No, they don’t carry any ballast, and yes, they evidently do capsize with some frequency. The next clip has a nice demonstration of how it’s done and how you recover (starts at about 3:00). But please, if you don’t have a large tugboat handy, do not try this at home.

Finally, here’s an excerpt from a documentary film about the sport that was made back in the 1960s. Complete with subtitles. It gives a good sense of the tradition behind these boats.

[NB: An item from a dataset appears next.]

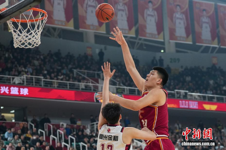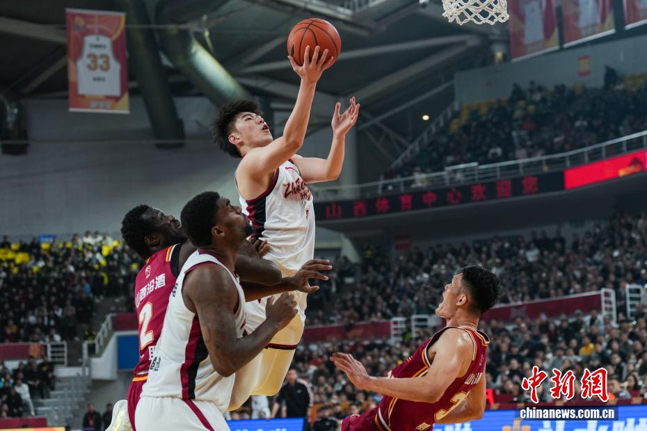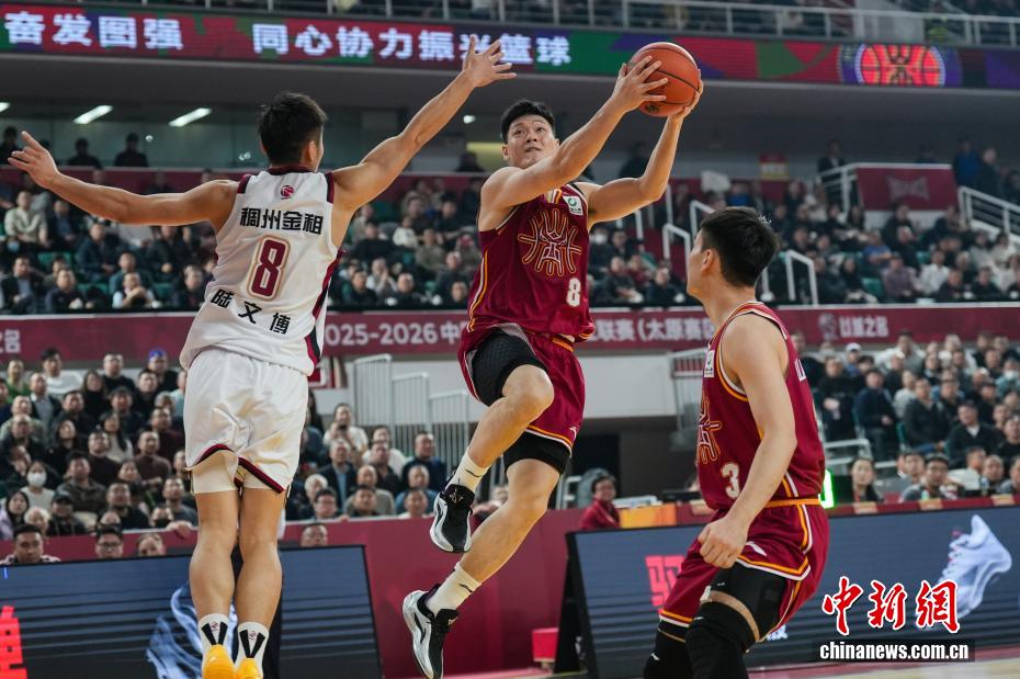 12月18日,山西隊球員賈明儒(紅)在比賽中投籃。當日,在太原進行的2025-2026賽季中國男子籃球職業聯賽(CBA)常規賽第3輪比賽中,山西汾酒隊主場以102比91戰勝浙江稠州金租隊。

And if you want to find out still more about traditional Dutch yachts, you can flashback into the WaveTrain archive and check this post on Hermann Goering’s famous botter jacht Groote Beer.


  1. Marijke Rink

    Like Arnold de Raa explains, you hear the frisian language. The symbols or letters on the sails refer to the villages/city of the barge. The competition is once a year and lasts 11 days, every day there is a route and a winner by points. The prime league competition is called SKS race, the lower league IFKS. SKS was set for professional skippers from skipper families. IFKS are for private people who own a skûtsje. The rules for SKS are more strict. As a friesian I am proud of our long tradition of skûtsje sailing and with strong wind it’s spectaculair!

  2. Arnold te Raa

    The language you hear is Frisian. Friesland is a northern part of the Netherlands where people speak there own langauge. The Frisians are very proud on there langage and Skutsjessillen. The sailing ships are called Skutsjes. And yes they are very competitive.

  3. Wes Newman

    As usual, Flash video, not viewable on Apple devices! Get a clue please. I like Charles’ stuff and would really like to see it.